= Put–call parity =

Concept in financial mathematics

In financial mathematics, the put–call parity defines a relationship between the price of a European call option and European put option, both with the identical strike price and expiry, namely that a portfolio of a long call option and a short put option is equivalent to (and hence has the same value as) a single forward contract at this strike price and expiry. This is because if the price at expiry is above the strike price, the call will be exercised, while if it is below, the put will be exercised, and thus in either case one unit of the asset will be purchased for the strike price, exactly as in a forward contract.

The validity of this relationship requires that certain assumptions be satisfied; these are specified and the relationship is derived below. In practice transaction costs and financing costs (leverage) mean this relationship will not exactly hold, but in liquid markets the relationship is close to exact.

==Assumptions==
Put–call parity is a static replication, and thus requires minimal assumptions, of a forward contract. In the absence of traded forward contracts, the forward contract can be replaced (indeed, itself replicated) by the ability to buy the underlying asset and finance this by borrowing for fixed term (e.g., borrowing bonds), or conversely to borrow and sell (short) the underlying asset and loan the received money for term, in both cases yielding a self-financing portfolio.

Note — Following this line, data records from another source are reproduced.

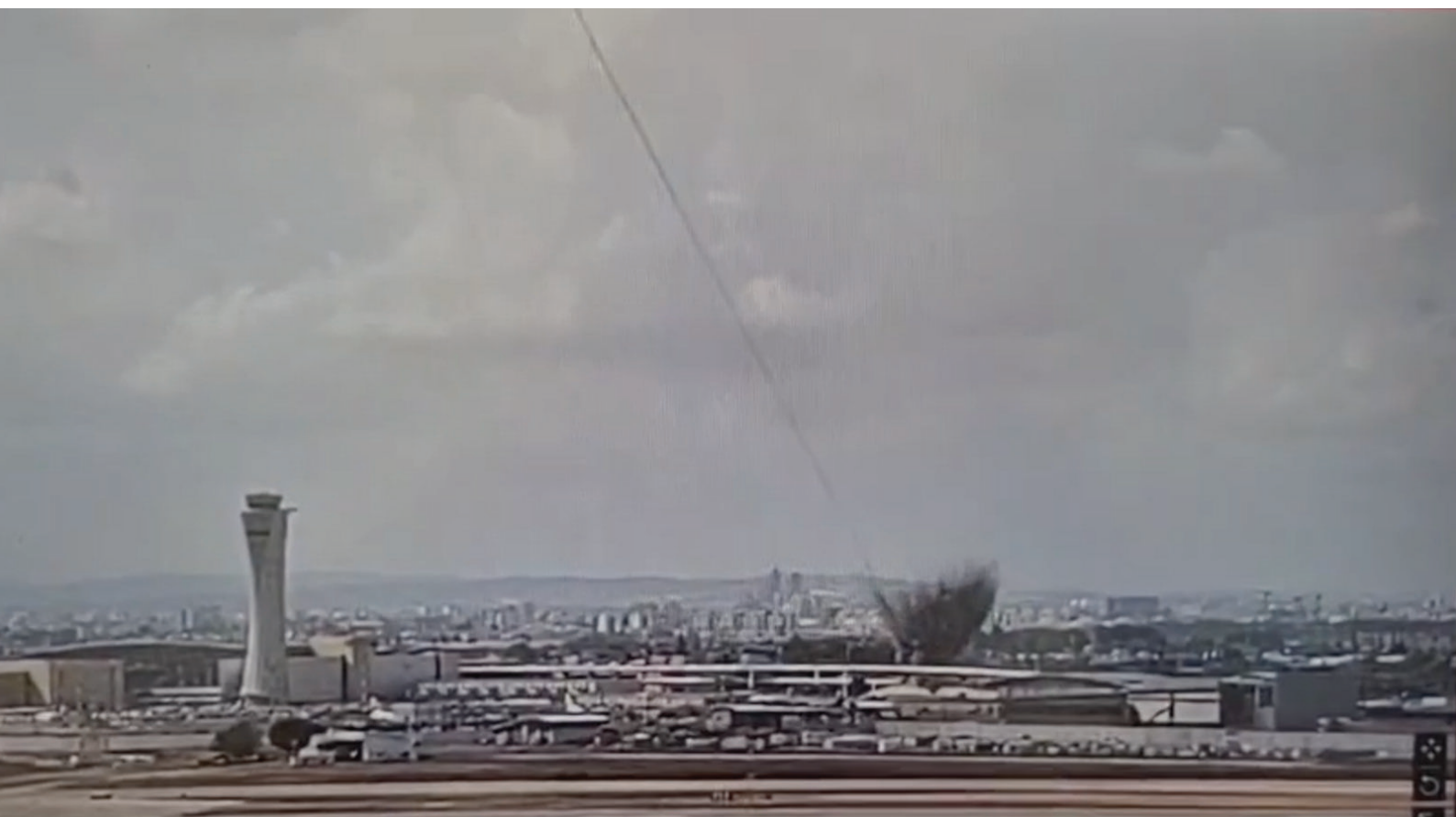
A Houthi missile hitting Ben Gurion airport on May 4th.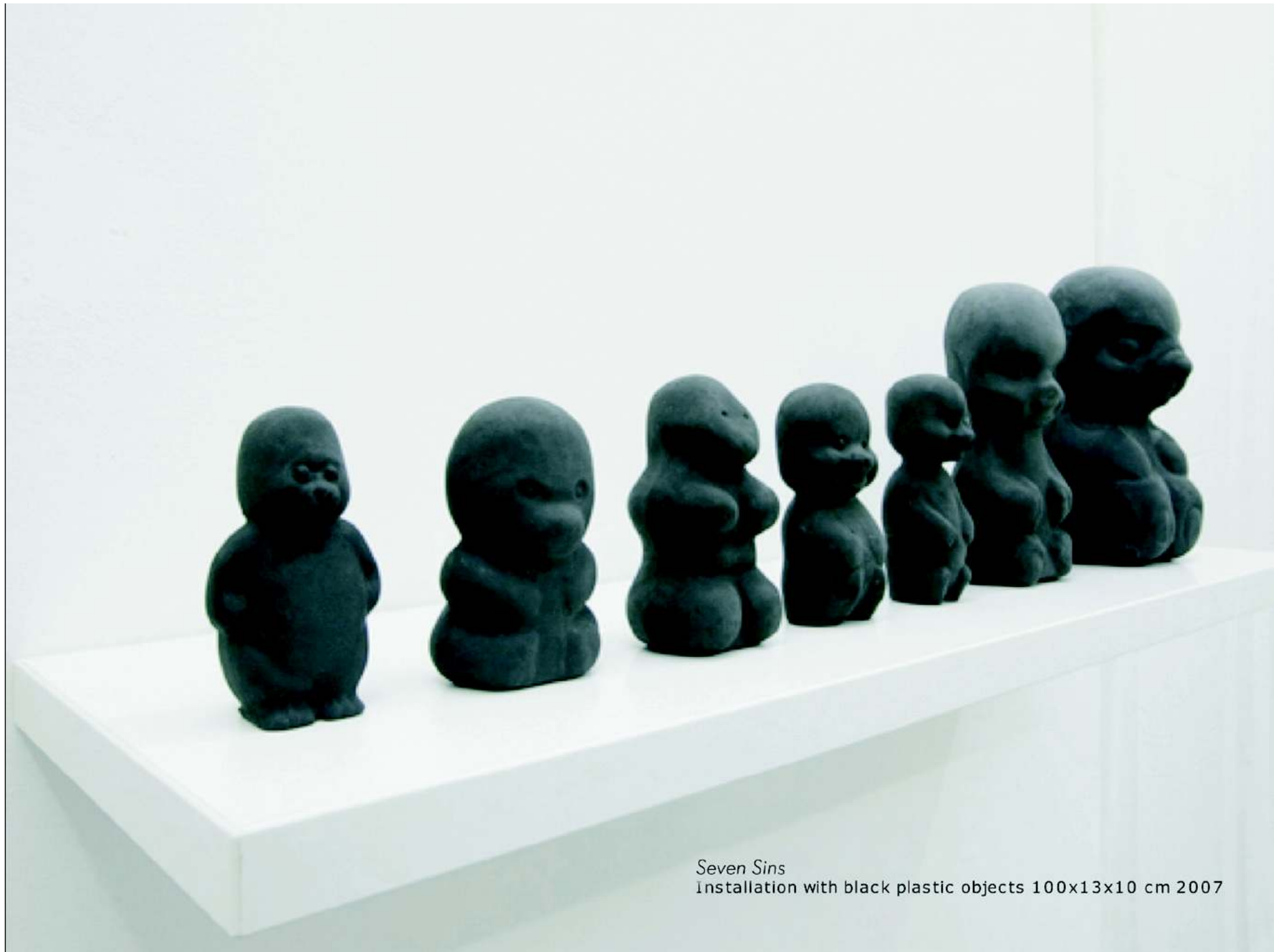
Seven Sins Installation with black plastic objects 100x13x10 cm 2007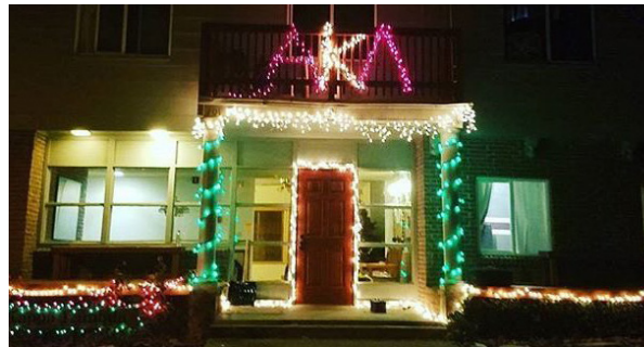
Our Alphi Phi chapter house at the University of Idaho feeling festive for the holiday season.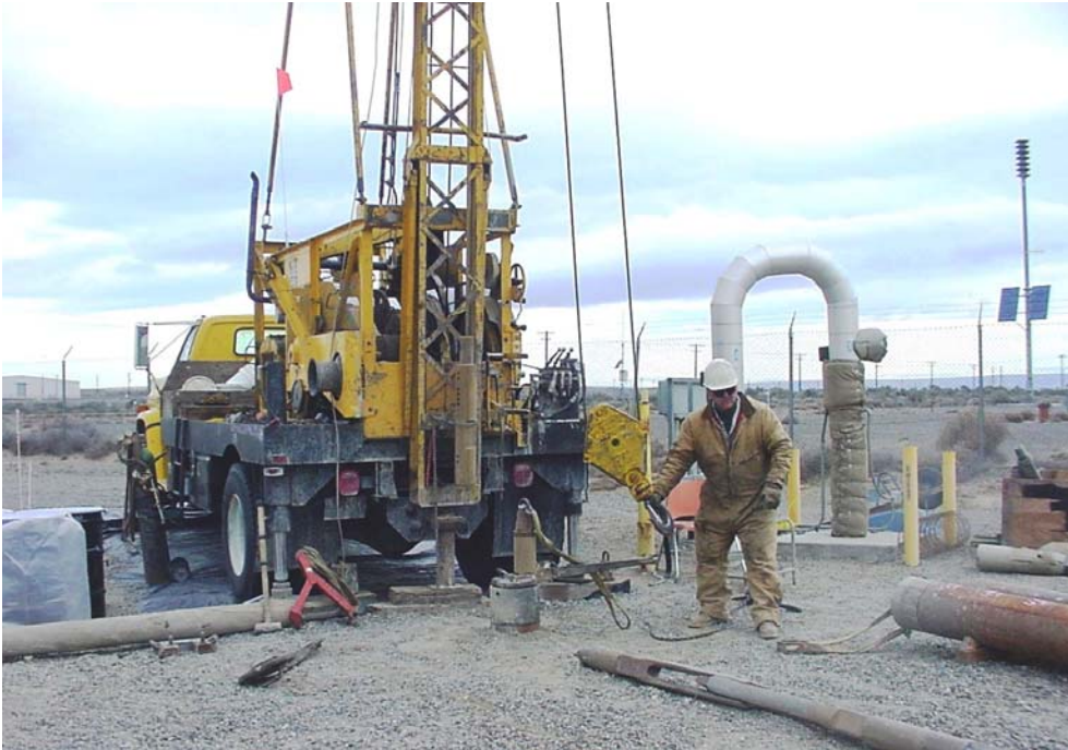
Fig. 2. A Fluor Hanford crew drills a well in the 200 Area of central Hanford, 2005.

In addition, the SGRP drills several deep boreholes each year into highly contaminated soil zones – including a unique slanted borehole under a plutonium site in 2006. It also installs dozens of aquifer tubes in steep banks along the Columbia River. Seven large pump-and-treat operations across the Hanford Site pump contaminated groundwater up and through treatment tanks and columns, and back to the soil.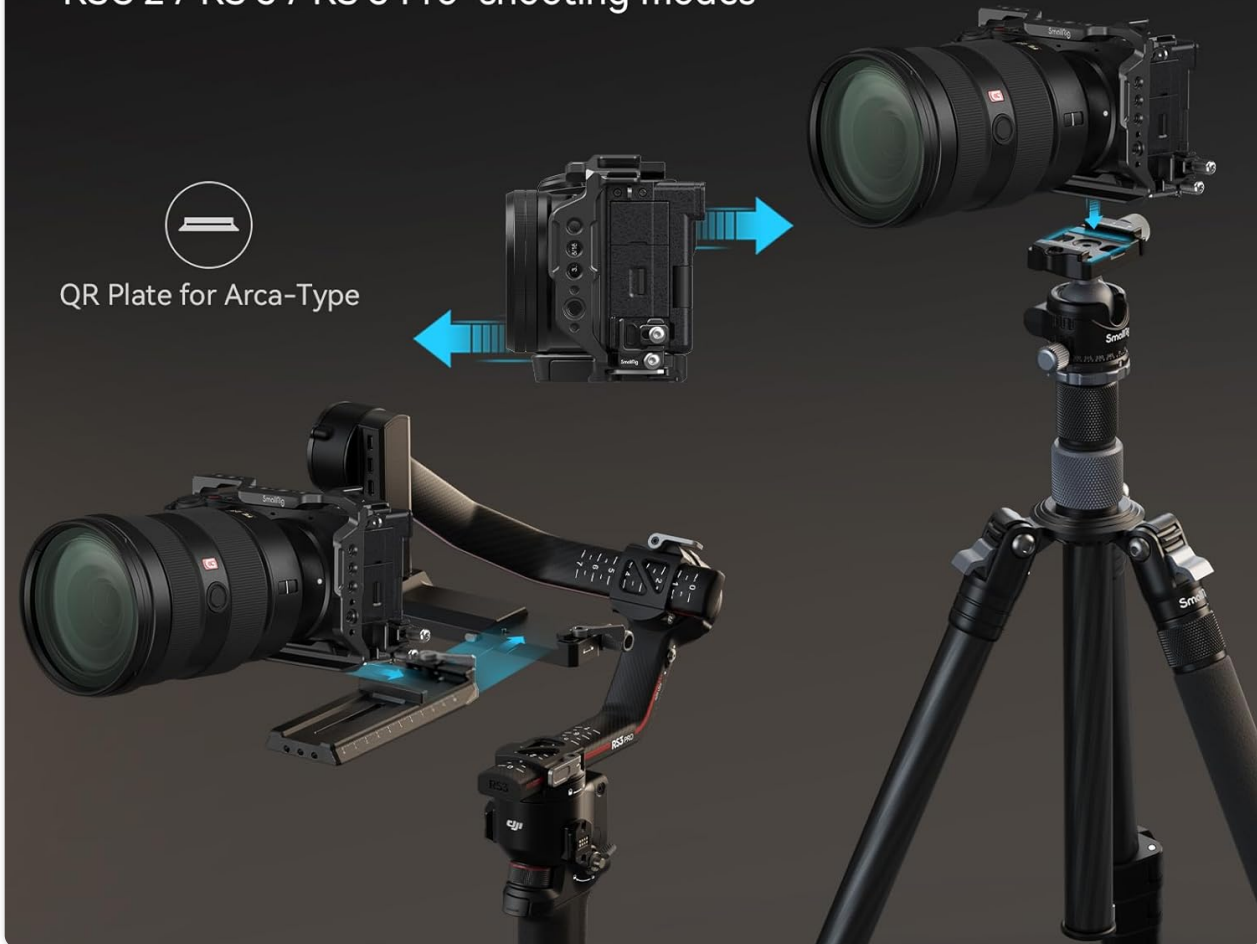
Figure 4.3: Seamless switching between various shooting modes.

Integrated Swiss quick release plate for Arca facilitates fast switching between handheld, tripods or gimbals for DJI RS 2 / RSC 2 / RS 3 / RS 3 Pro shooting modes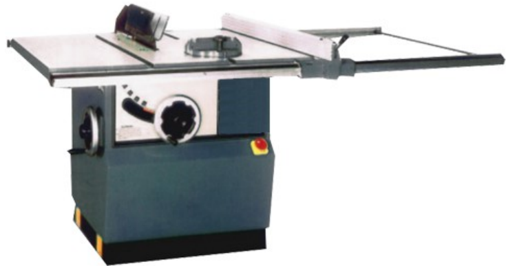
TS1414 / TS-1616

TS-1010 10" Universal Table Saw TS-1212 12" Universal Table Saw TS-1414 14" Universal Table Saw TS-1616 16" Universal Table Saw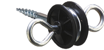
Insulator anchoring handle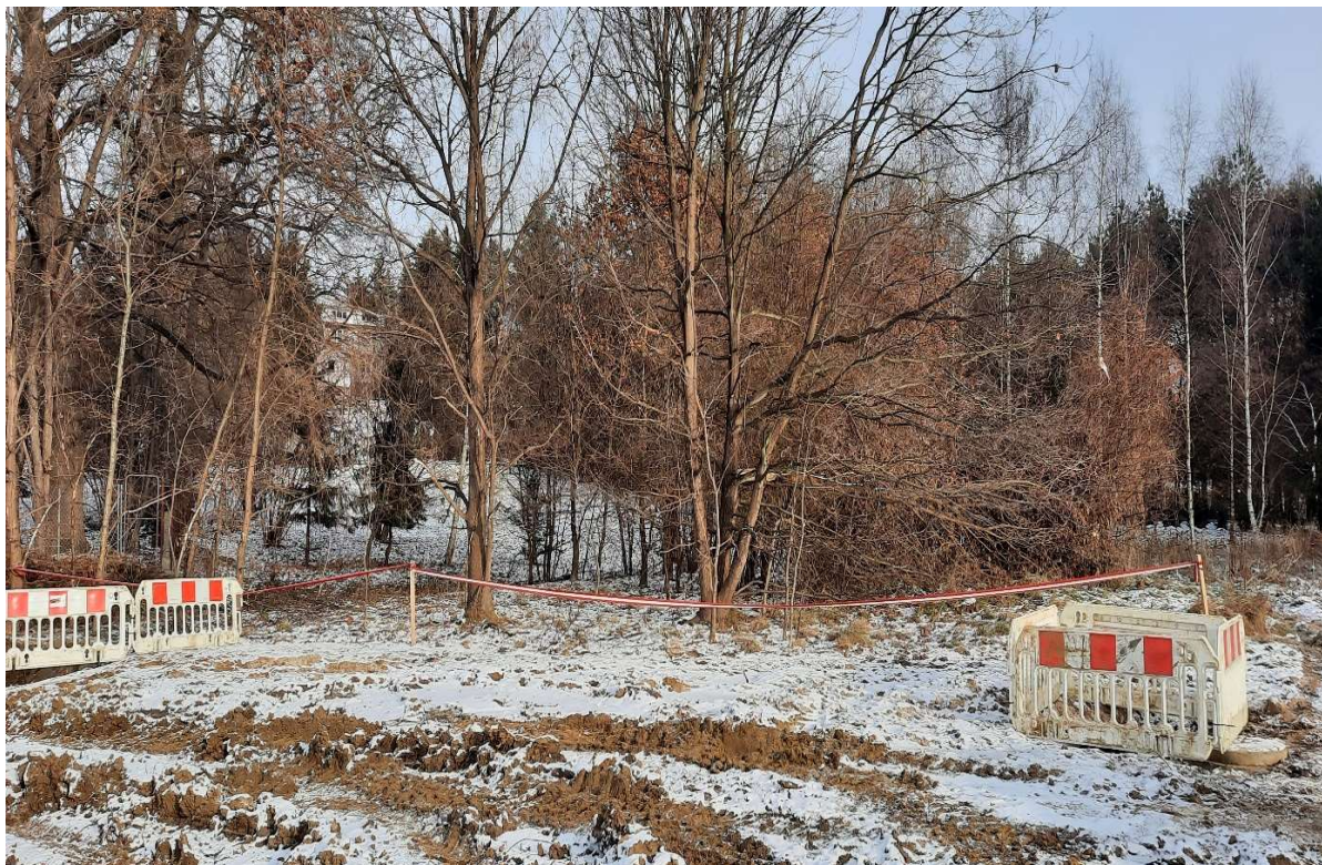
Foto. 3. Malinówka 1 reservoir , second decade of December 2021 (reconstruction of the sewage system - securing excavations).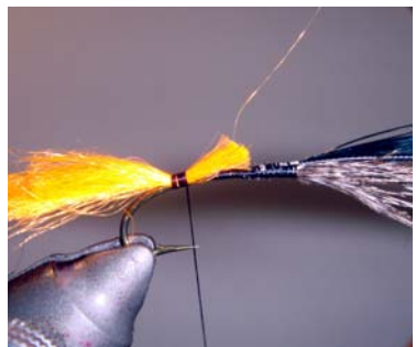
6. Tie-in the yellow floss as a tail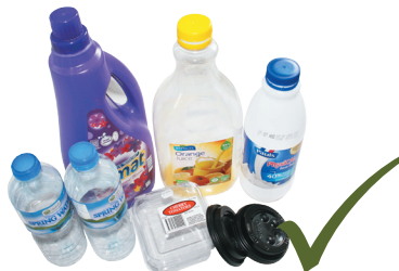
Plastic bottles and containers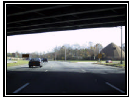
Figure 2. Eastbound approach for the BMW

The BMW 328i struck a luminaire with a frangible base ( Figure 3 ) with the right rear door area. The direction of force was in the 3 o'clock sector. The impact fractured the luminaire at the base. Due to the yielding nature of the luminaire, the impact was out of the scope of the WinSMASH program. An estimated delta-V based on the damage to the BMW was approximately 13 - 16 km/h (8 - 10 mph). The impact was sufficient to deploy the right front passenger's side air bag and the right side HPS. The impact to the BMW was located behind the vehicle's center of gravity which reversed the rotation to CW. The BMW rotated in a CW direction around the pole and caused the luminaire to fracture from its base. The left rear wheel struck the raised concrete curb on the right roadside as the BMW had rotated 180 degrees in a CW direction. The direction of force for the secondary impact to the left rear wheel was in the 9 o'clock sector. The impact to the left rear wheel resulted in the deployment of the left front driver's side air bag and the left side HPS system.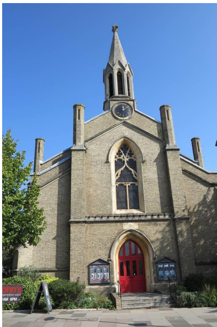
Plate 20. St. John's Church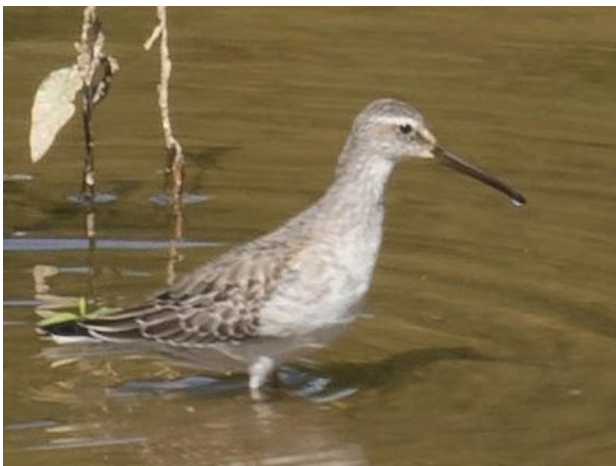
Stilt Sandpiper at Brown’s Bridge

Among the few notable shorebirds this season was a Stilt Sandpiper at Brown’s Bridge (BRNBR) 9/9 (KHf, HPt). Two Pectoral Sandpipers were there 9/4 (DCm). An American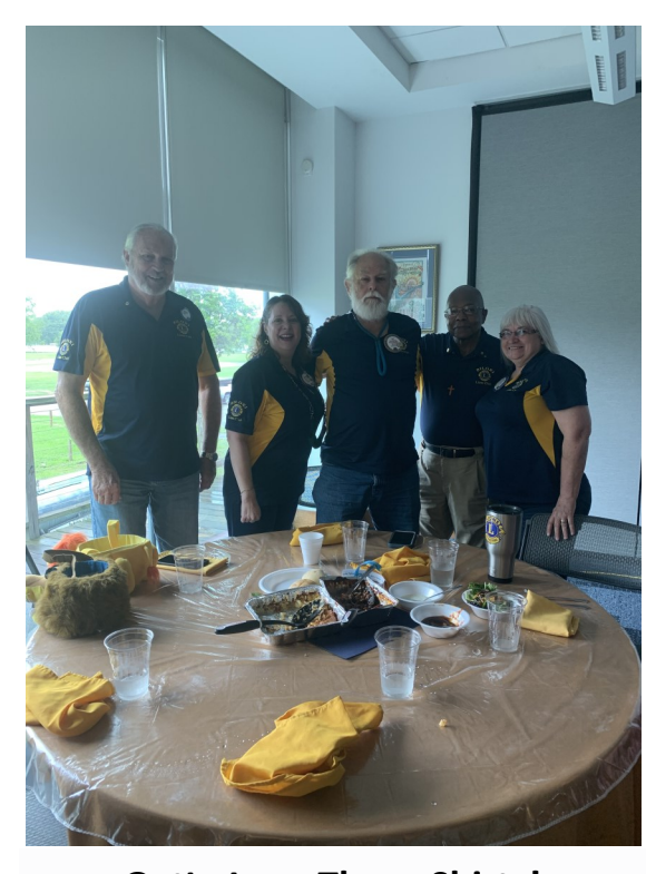
Gotta Love Those Shirts!

Go to seaandsuncamp.com or to the Facebook page Sea & Sun Camp Inc. to see all the fun in pictures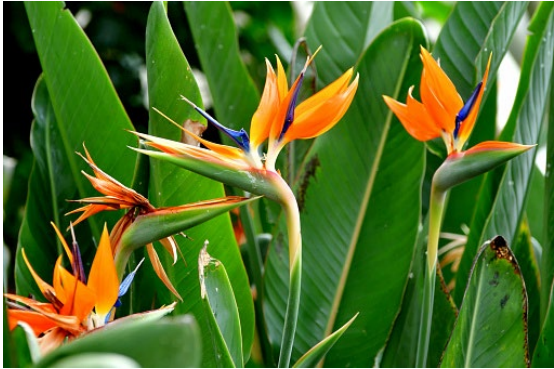
Bird of Paradise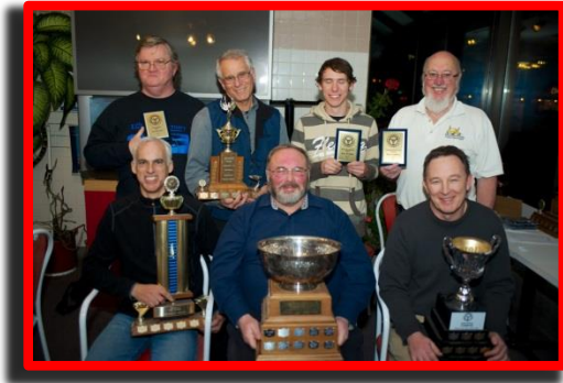
Some of the Winners in 2012

To let club organizers know, contact the club at pmsclubinfo@gmail.com or 705-745-0685 or 705-768-0685.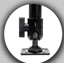
Ball Socket Joints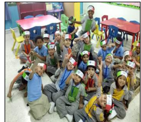
Students having a picture with their UAE Flag colour themed headdress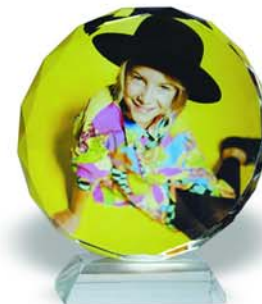
Sunflower 3.2"H X 3.2"W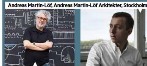
MARCIO KOGAN, STUDIO Mk27 São Paulo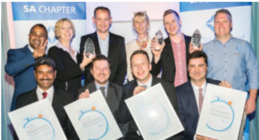
South Australian Project of the Year: KBR & SA Water JV Project Team

This project was originally intended to upgrade two wastewater pump stations in the Gawler region to accommodate population growth. An innovative design solution improved the overall wastewater network capacity by installing a new main with a cross connection to the original main. This provided greater network flexibility and negated the need for major upgrade works at one of the pump stations. Whilst the design was cost effective, the selected route had many stakeholder engagement and construction complexities. The project was completed under budget and ahead of schedule by a team of KBR and SA Water employees known as PMP Solutions.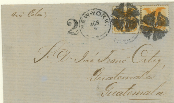
NYC/GUATEMALA CITY, 4 JUNE 1870. ATLANTIC TRANSIT TO PANAMA VIA PACIFIC MAIL STEAMSHIP ALASKA ; PACIFIC TRANSIT TO GUATEMALA CITY VIA PACIFIC MAIL STEAMER CONSTITUTION . ONLY FIVE 10c 1869 COVERS RECORDED TO GUATEMALA. DOUBLE RATE.

HANDSTAMPED 2" REALES DUE IN GUATEMALA: APPROXIMATELY 25c U.S.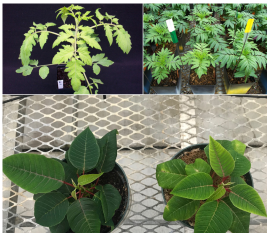
Fig. 1: Sulfur deficiency has been observed in many species grown in bark and wood-based substrates.

Fortunately, there is a decent amount of research trial data on the issues and potential solutions when growing greenhouse crops in high-percentage wood materials. As we and others have written before, the initial research on wood sub-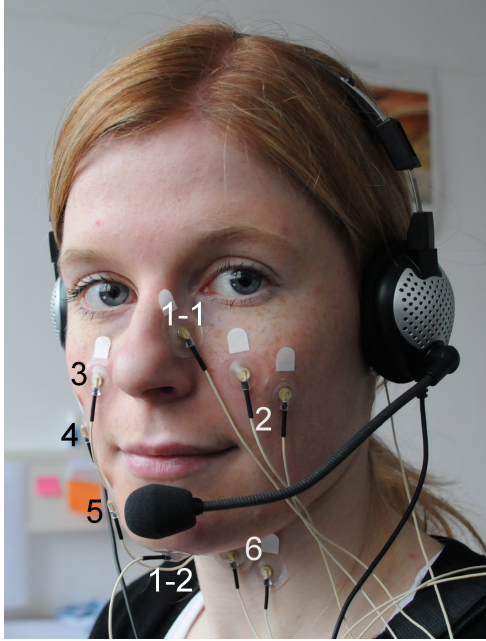
Figure 1: EMG-UKA electrodes with bipolar derivation (white) and derivation against a neutral reference (black numbers).

These assumptions do not require any transactions between the initial date and expiry, and are thus significantly weaker than those of the Black–Scholes model, which requires dynamic replication and continual transaction in the underlying.

Replication assumes one can enter into derivative transactions, which requires leverage (and capital costs to back this), and buying and selling entails transaction costs, notably the bid–ask spread. The relationship thus only holds exactly in an ideal frictionless market with unlimited liquidity. However, real world markets may be sufficiently liquid that the relationship is close to exact, most significantly FX markets in major currencies or major stock indices, in the absence of market turbulence.

==Statement==
Put–call parity can be stated in a number of equivalent ways, most tersely as:
$C - P = D\cdot(F - K)$
where $C$ is the (current) value of a call, $P$ is the (current) value of a put, $D$ is the discount factor, $F$ is the forward price of the underlying asset, and $K$ is the strike price. The left side corresponds to a portfolio of a long call and a short put; the right side corresponds to a forward contract. The assets $C$ and $P$ on the left side are given in present values, while the assets $F$ and $K$ are given in future values (forward price of asset, and strike price paid at expiry), which the discount factor $D$ converts to present values.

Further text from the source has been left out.